Bereits bei Beginn der Komposition hatte Henze eine ziemlich präzise Idee von der Besetzung, vor allem der Hauptrolle mit einer Mezzosopranistin. Vorgesehen war dafür Magdalena Kozena, die einige Wochen vor der Premiere absagte. Maria Riccarda Wesseling übernahm die Partie. Und sie glänzt mit ihrem dramatischen Ausdruck und der präzisen Aussprache in der schwierigen Rolle genauso wie Countertenor Axel Köhler als Artemis.

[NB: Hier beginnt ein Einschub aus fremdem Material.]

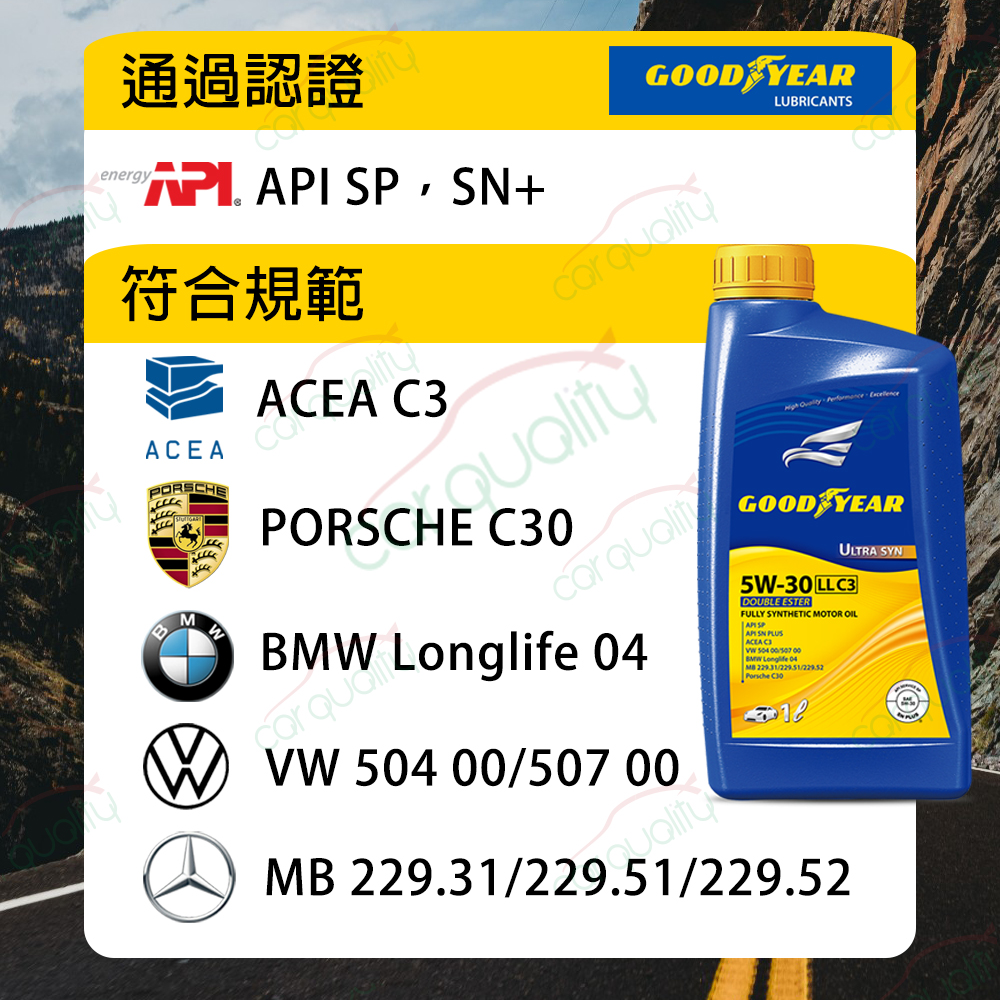 MAZDA固特異 GOODYEAR 機油套餐5W30雙酯 ULTRA504/507 1L*5 完工價
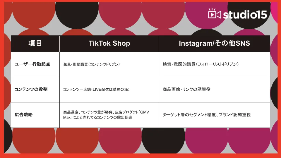 クリエイターの起用やアカウント運用が直接の購買につながるTikTok Shopでは、一般的なECに求められるマーケティング手法と異なりTikTokの仕様をうまく活用することで成果をあげることが可能です。
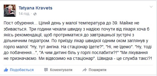 Повідомлення з соцмереж щодо роботи Швидкої допомоги:

Henze, «der Wiedergeborene», hatte ihn Staatsopern-Intendant Mussbach vor der Premiere genannt. Tatsächlich hatte der Komponist während der Arbeit am Werk immer wieder Schicksalsschläge erlitten. Als 2005 der erste Akt fertig war, wurde er in lebensbedrohlichem Zustand in ein Krankenhaus gebracht. Danach pflegte ihn sein Lebensgefährte Fausto Moroni, der im vergangenen April starb. Doch der Meister aus Italien erholte sich, und in Berlin kehrt er zu den Quellen zurück, «mit alter Frische und aller Freiheit», wie er in seinem Tagebuch schrieb.